Satellites have different bands, such as C-band (4-8 Ghz, used for TV networks), K-band (12-18 Ghz, used for satellite communication) and Ka-band (26–40 GHz, used for radars on military aircraft). Pak Datacom provides all of these bands, mostly to banks, government department, oil and gas companies, and even United Nations organizations, in Karachi, Lahore, Islamabad, Peshawar and Quetta. 

It also offers Digital Cross Connect (DXX) (a form of high speed data connectivity), in 62 cities across Pakistan. It also won a bid to provide hundreds of wireless radio links to an unnamed financial institution, and provides the optic fiber that connects banks to international credit card networks like Visa, Mastercar and China Union Pay.

Yet, for all of that, it has had pretty middling years. Its revenue between 2014 and 2018 hovered between the Rs700 million mark (its peak was in 2018, at Rs798 million). In 2016, revenue actually fell to Rs655 million, and profit after tax stood at Rs37 million. 

The year 2016 was also the year of Pak Datacom’s scandal: essentially, the company’s chief executive at the time, Brigadier (retired) Muhammad Irshad Khan Kayani, stayed on in office, despite his three-year service contract expiring. Apparently, he got a three year extension from the board, but according to the SECP, the CEO could only be hired through a competitive process. What made it funnier is that apparently the Ministry of Information Technology repeatedly asked Kayani to leave, but he would not budge (he eventually did: the current CEO is Syed Jamal Nasir). 

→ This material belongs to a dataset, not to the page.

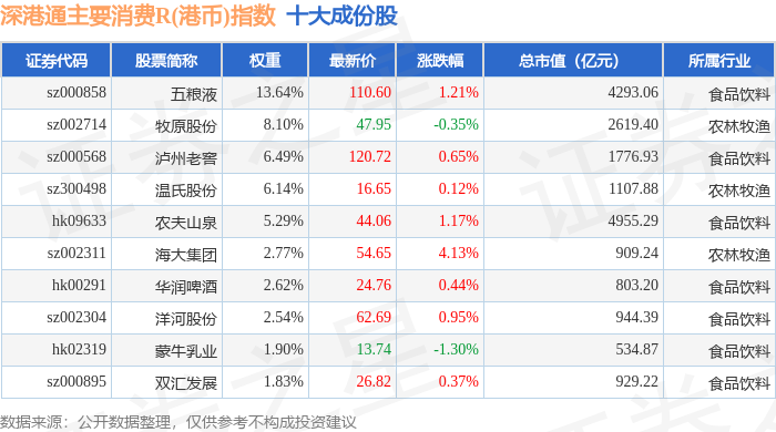 深港通主要消费R(港币)(483022)指数十大成份股详情如下:

The turning point for the company was 2019, when revenue stood at Rs947 million. But the company’s relatively higher profit was buoyed by finance income of Rs89 million, which is interest income on funds invested. The next year, 2020, saw finance income of only Rs6 million, affecting that year’s profit. That year also saw revenue fall to the same Rs700 million mark. 

As the company itself put it: “Without increasing the product verticals, it is very difficult to generate significant revenue from the existing saturated market segment.” It seems it is stuck in a fix, that has very little to do with the pandemic. Still, the company has said it will concentrate on the core business of DXX and satellite- based data services in the future, to boost revenue.